PROPAGANDA FOR CHANGE is a project created by the students of Behaviour Change (ps359) and Professor Thomas Hills @thomhills at the Psychology Department of the University of Warwick. This work was supported by funding from Warwick's Institute for Advanced Teaching and Learning.

Sunday, January 25, 2015

You know what, Brick might just love lamp.

This classic clip shows beloved Brick trying to convince Ron that he really does ‘love lamp’ (0:15). By repeating his undying love three times, the audience should be more likely to believe and accept his statement according to Pratkanis’ repetition technique. This is supported by a study into advert claims (Hawkins, Hoch & Meyers-Levy, 2001). In this study, participants were asked to read 20 sets of general claims, and 4 supporting claims for each of these. For example one general claim may be 'when it comes to security, ACE provides the best door locks.' One of the supporting claims would be 'the cylinders in ACE locks are more difficult to pick than any other lock.' Different claims were repeated to a different extent for each participant to remove any effects which may be due to the particular claim seen. They studied these and then saw the same 80 claims with an additional 30 filler claims after a break. They were told that they had seen some before and that some were new. They were also told that some were true and some were false, to make sure that just because they had seen some before did not mean they were true. For each claim the participant rated how true they thought it was and how familiar it was. Overall, the more times a claim was repeated during the study phase, the greater the belief the participant had in the claim. The biggest increase was after 1 repetition. Following this, each repetition did produce an increase in belief ratings, however the increase was smaller.
As we can see from this table, for each condition there is a general increase in the participants' belief in the claims after multiple repetitions. There are only two points were there is a decrease in belief ratings following a repetition. As a second repetition is added, the ratings decrease for both the 1 and 2 other claims conditions. However it wasn't stated whether this decrease was significant or not, and so we can still observe a general increase in ratings after more repetitions. 

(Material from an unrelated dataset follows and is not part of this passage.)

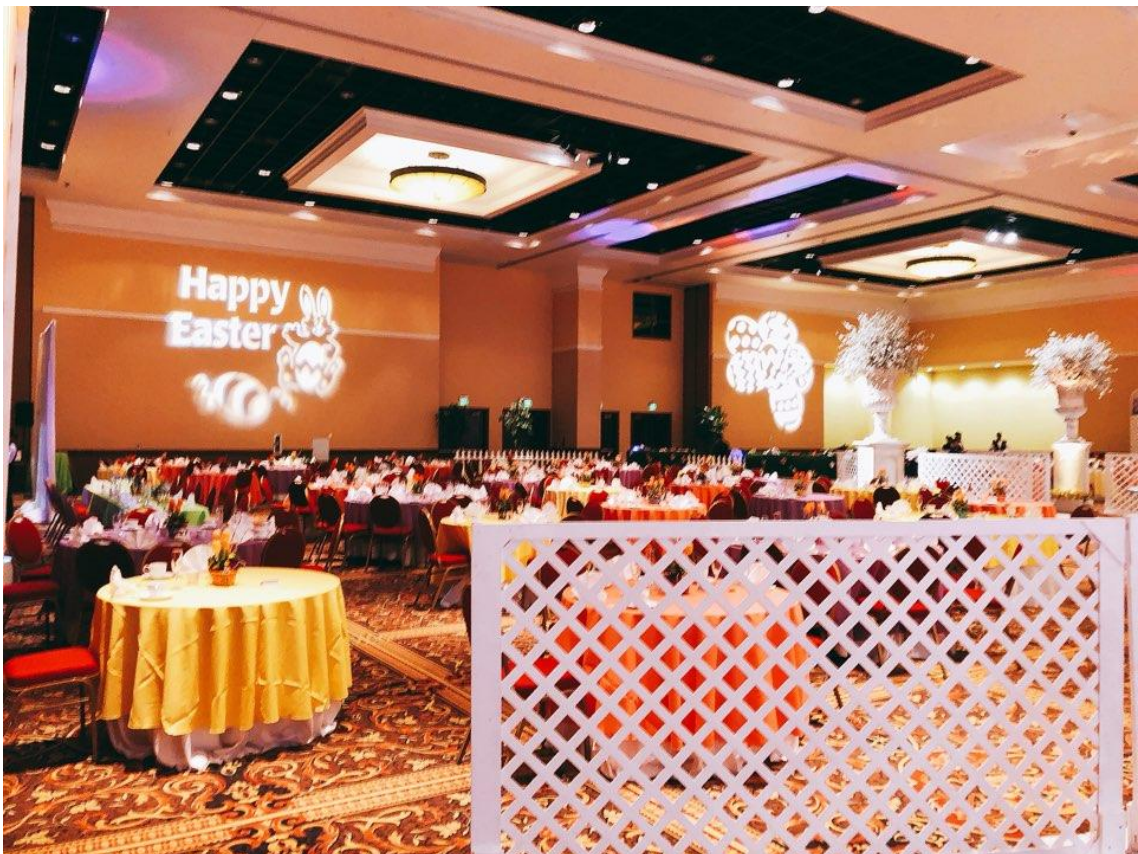
<사진 20> 부활절 행사

4주차에는 4월 1일에 있을 부활절 행사를 준비했다. 내가 인턴 시작 후 가장 많은 인원을 수용하는 브런치 행사였으며, 1년 동안의 호텔 행사 중 중요한 행사였기 때문에 이러한 곳에서 라이브 조리를 할 수 있는 기회를 얻었다는 것에 매우 뜻깊었고, 고객들의 요구에 맞는 조리를 하는 것에 조금의 어려움이 있기는 했으나 고객과 함께 대화를 나누며 고객들의 반응을 즉각적으로 느낄 수 있어서 보람된 주였다.

The circled area of the table corresponds to the data which can be applied to this specific clip. Brick repeats his love for the lamp an extra two times, and this general claim is not supported by any other claims. The study did not state whether there was a significant difference in ratings between the number of other claims present. We can't therefore know whether if Brick had included some supporting claims in his persuasive message, whether this would have made his message more effective.

Overall, repetition has been found to help increase people's belief in a claim, and therefore make the claim more persuasive. 

Hawkins, S. A., Hoch, S. J., & Meyers-Levy, J. (2001). Low-involvement learning: Repetition and coherence in familiarity and belief. Journal of Consumer Psychology, 11, 1-11.